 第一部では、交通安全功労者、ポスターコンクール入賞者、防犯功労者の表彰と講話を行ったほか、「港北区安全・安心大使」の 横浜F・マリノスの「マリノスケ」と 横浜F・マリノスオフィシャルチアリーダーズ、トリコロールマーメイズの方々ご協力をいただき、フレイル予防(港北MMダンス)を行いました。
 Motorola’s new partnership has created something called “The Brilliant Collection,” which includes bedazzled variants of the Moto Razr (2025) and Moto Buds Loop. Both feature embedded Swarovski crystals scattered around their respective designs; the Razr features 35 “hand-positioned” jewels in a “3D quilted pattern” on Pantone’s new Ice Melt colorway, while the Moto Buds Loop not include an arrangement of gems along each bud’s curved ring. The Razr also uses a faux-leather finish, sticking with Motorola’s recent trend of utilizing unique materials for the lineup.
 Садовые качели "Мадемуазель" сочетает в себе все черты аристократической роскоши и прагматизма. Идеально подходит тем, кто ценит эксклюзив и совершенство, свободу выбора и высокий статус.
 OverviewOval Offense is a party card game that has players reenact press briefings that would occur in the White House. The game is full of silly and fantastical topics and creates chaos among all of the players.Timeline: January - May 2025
# # # #
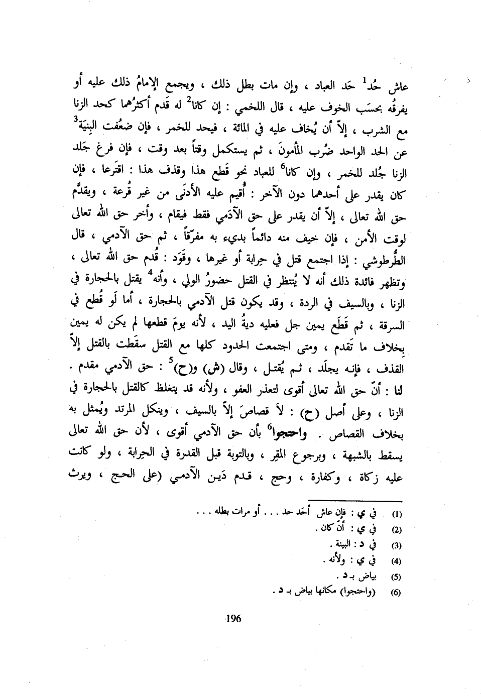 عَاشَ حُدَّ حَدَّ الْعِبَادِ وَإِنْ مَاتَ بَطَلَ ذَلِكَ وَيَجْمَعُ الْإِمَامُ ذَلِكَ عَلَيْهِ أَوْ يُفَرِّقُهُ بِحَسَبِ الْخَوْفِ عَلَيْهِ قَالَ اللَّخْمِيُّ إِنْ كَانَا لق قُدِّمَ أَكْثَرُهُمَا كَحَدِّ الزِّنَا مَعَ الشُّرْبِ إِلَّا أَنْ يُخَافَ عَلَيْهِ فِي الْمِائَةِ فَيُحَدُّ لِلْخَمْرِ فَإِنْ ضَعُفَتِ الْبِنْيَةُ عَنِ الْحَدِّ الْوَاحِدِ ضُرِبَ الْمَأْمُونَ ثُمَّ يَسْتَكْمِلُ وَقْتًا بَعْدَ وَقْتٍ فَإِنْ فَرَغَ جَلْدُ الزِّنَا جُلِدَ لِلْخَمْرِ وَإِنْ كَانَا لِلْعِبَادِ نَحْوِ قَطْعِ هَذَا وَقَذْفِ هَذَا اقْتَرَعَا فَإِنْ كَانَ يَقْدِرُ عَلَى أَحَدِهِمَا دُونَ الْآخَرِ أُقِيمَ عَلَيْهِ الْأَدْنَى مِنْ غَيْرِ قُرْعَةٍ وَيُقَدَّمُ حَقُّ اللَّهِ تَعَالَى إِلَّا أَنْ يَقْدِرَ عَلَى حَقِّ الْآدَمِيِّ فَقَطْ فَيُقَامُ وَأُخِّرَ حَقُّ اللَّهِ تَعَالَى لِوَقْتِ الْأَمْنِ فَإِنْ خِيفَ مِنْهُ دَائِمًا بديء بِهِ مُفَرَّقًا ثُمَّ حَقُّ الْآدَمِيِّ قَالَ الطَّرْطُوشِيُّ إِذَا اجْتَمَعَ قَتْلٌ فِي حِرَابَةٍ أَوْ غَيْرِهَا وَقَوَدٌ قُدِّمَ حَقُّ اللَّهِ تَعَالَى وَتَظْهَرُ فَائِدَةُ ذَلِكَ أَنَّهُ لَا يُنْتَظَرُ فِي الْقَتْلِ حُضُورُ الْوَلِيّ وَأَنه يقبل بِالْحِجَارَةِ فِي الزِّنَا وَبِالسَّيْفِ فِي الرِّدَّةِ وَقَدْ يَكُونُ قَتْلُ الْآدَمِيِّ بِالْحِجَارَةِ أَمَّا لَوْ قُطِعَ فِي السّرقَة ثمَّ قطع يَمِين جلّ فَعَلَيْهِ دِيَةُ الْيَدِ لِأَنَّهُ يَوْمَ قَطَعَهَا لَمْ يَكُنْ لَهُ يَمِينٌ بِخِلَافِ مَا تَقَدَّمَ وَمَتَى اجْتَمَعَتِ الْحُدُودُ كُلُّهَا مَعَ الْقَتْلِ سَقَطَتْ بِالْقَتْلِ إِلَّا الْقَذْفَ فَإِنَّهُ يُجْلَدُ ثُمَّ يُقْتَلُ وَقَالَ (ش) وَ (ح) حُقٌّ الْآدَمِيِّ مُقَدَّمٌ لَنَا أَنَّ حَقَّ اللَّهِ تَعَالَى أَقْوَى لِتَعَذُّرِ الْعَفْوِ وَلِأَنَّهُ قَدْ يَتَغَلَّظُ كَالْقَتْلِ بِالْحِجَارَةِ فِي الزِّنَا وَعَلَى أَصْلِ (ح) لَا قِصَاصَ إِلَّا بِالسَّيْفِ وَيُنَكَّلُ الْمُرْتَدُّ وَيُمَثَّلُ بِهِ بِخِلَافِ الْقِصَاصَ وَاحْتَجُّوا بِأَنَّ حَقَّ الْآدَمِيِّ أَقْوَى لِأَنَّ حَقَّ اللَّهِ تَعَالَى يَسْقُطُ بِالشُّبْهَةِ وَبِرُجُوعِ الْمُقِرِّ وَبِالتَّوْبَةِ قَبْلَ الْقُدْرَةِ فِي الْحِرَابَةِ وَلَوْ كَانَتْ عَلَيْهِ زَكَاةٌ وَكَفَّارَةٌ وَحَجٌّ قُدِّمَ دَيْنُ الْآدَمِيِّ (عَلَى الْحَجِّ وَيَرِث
# # # #
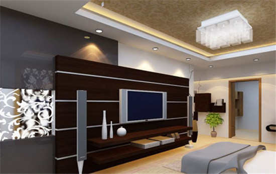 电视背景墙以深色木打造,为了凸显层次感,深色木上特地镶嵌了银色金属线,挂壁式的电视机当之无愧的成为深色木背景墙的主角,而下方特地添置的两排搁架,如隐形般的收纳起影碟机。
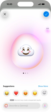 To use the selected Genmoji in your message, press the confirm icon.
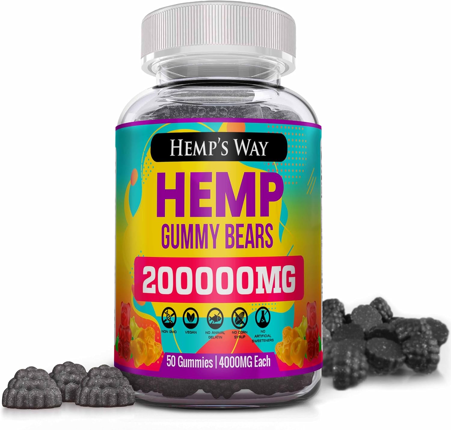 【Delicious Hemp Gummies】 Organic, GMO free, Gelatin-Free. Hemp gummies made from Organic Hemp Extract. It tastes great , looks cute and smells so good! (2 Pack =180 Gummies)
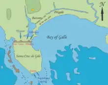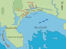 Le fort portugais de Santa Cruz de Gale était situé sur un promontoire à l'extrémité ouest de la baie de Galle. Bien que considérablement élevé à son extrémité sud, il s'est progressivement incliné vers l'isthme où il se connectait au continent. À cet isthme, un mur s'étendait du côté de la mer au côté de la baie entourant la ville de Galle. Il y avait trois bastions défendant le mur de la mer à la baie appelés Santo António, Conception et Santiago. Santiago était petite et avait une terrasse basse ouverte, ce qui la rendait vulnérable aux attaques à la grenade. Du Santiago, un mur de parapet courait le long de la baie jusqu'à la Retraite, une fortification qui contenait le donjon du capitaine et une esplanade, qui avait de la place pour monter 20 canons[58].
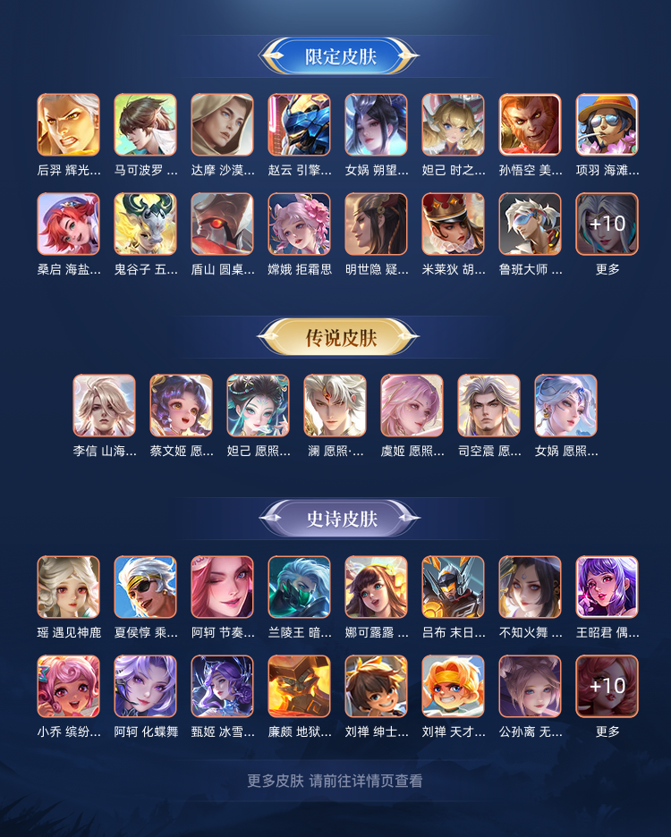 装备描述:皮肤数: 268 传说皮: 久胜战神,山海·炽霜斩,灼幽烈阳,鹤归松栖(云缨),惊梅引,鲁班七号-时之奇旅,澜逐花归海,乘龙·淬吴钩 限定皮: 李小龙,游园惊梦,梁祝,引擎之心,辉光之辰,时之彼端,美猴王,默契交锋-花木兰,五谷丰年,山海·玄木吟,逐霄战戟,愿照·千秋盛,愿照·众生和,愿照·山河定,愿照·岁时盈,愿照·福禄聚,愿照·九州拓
# # # #
* ABOUT THIS TASK *
Only one stretch of the records above is wanted: the lines between the one holding "и высокий статус." and the one holding "OverviewOval Offense is", inclusive, reproduced exactly.

* ANSWER TO THE EXERCISE *
 Садовые качели "Мадемуазель" сочетает в себе все черты аристократической роскоши и прагматизма. Идеально подходит тем, кто ценит эксклюзив и совершенство, свободу выбора и высокий статус.
 OverviewOval Offense is a party card game that has players reenact press briefings that would occur in the White House. The game is full of silly and fantastical topics and creates chaos among all of the players.Timeline: January - May 2025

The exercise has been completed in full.